Repeat every record exactly, but omit the images.

Stored records:
* * * * *
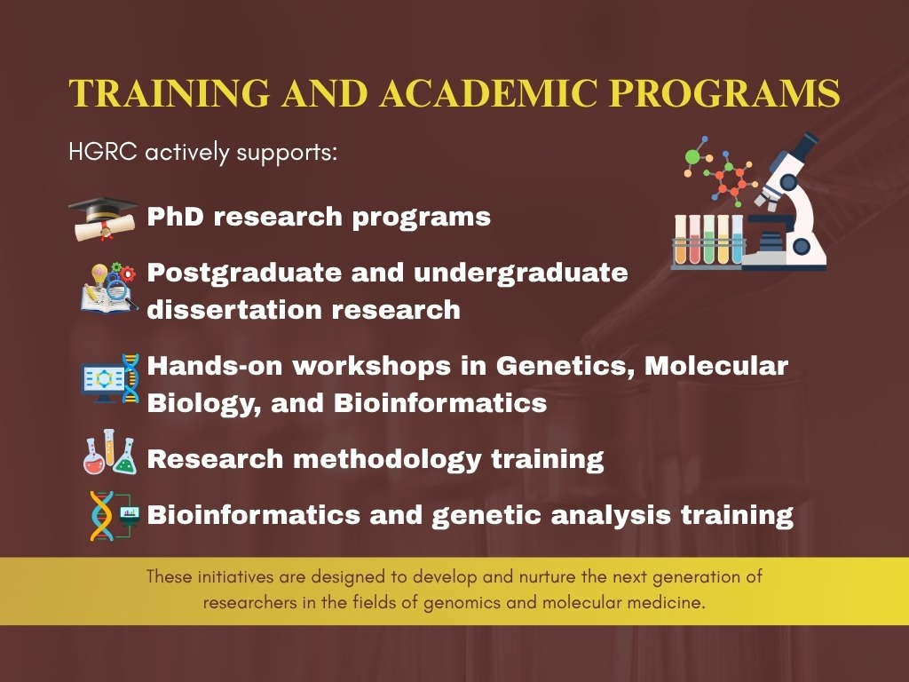 HGRC conducts hands-on workshops in Genetics, Molecular Biology, and Bioinformatics, offering practical exposure to modern laboratory techniques and analytical tools. In addition, specialized research methodology training programs are designed to strengthen scientific writing, experimental design, and data interpretation skills.
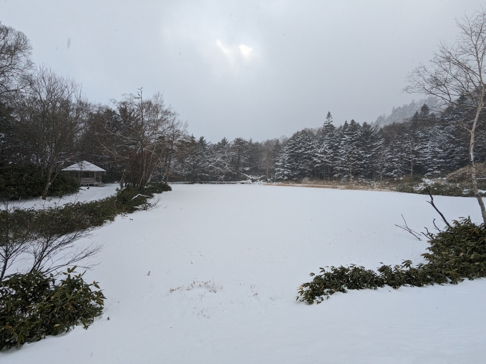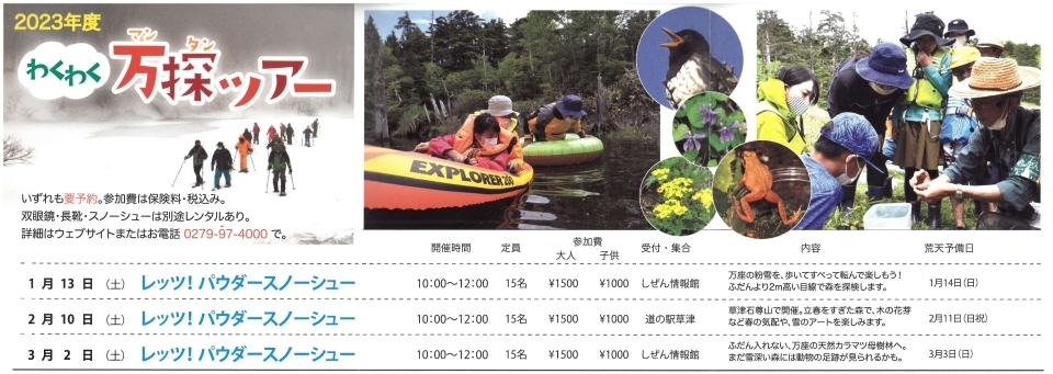 1月13日に万座しぜん情報館主催の万探ツアーで牛池でのスノーシューツアーが開催されるので、雪がもっと積もってくれればなと思います。
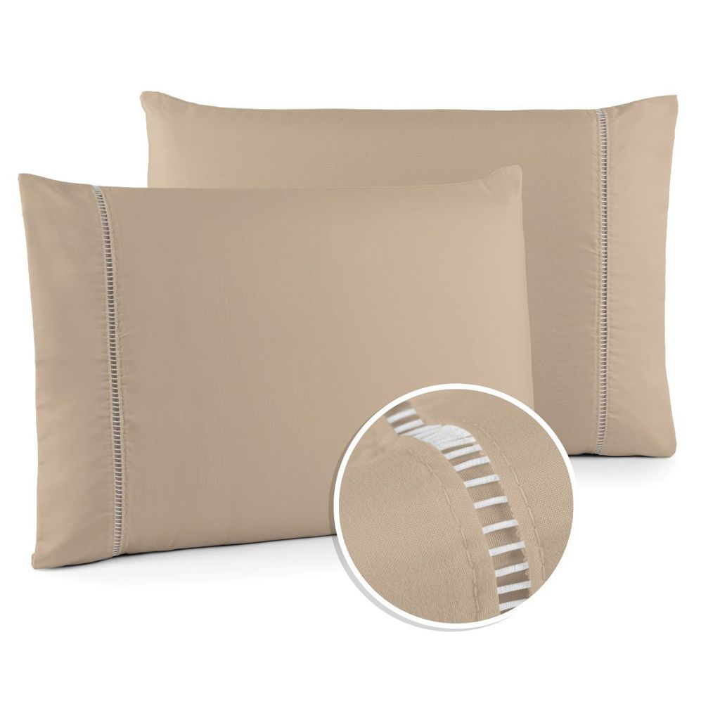 Par De Fronhas 400 Fios 50x70 Micropercal Com Detalhe Ponto Palito
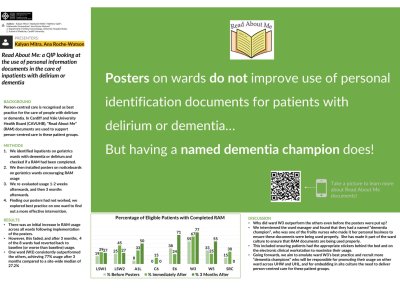 Introduction Person-centred care is recognised as best practice for the care of people with delirium or dementia. In Cardiff and Vale University Health Board (CAVUHB), “Read About Me” (RAM) documents are used to support person-centred care in these patient groups. However, there are significant barriers to their routine use in clinical practice (Clark, E, Wood, F, Wood, S. Health Expect. 2022; 25: 1215- 1231). We conducted a two-cycle audit investigating the use of these documents on geriatric wards in two acute hospital sites, and trialled two interventions to increase their usage. Methods
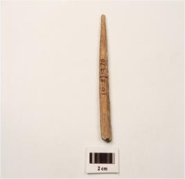| Description / विवरण | A bone point fragment with broken pointed end, smooth surface. |
* * * * *
Your solution:
 HGRC conducts hands-on workshops in Genetics, Molecular Biology, and Bioinformatics, offering practical exposure to modern laboratory techniques and analytical tools. In addition, specialized research methodology training programs are designed to strengthen scientific writing, experimental design, and data interpretation skills.
 1月13日に万座しぜん情報館主催の万探ツアーで牛池でのスノーシューツアーが開催されるので、雪がもっと積もってくれればなと思います。
 Par De Fronhas 400 Fios 50x70 Micropercal Com Detalhe Ponto Palito
 Introduction Person-centred care is recognised as best practice for the care of people with delirium or dementia. In Cardiff and Vale University Health Board (CAVUHB), “Read About Me” (RAM) documents are used to support person-centred care in these patient groups. However, there are significant barriers to their routine use in clinical practice (Clark, E, Wood, F, Wood, S. Health Expect. 2022; 25: 1215- 1231). We conducted a two-cycle audit investigating the use of these documents on geriatric wards in two acute hospital sites, and trialled two interventions to increase their usage. Methods
| Description / विवरण | A bone point fragment with broken pointed end, smooth surface. |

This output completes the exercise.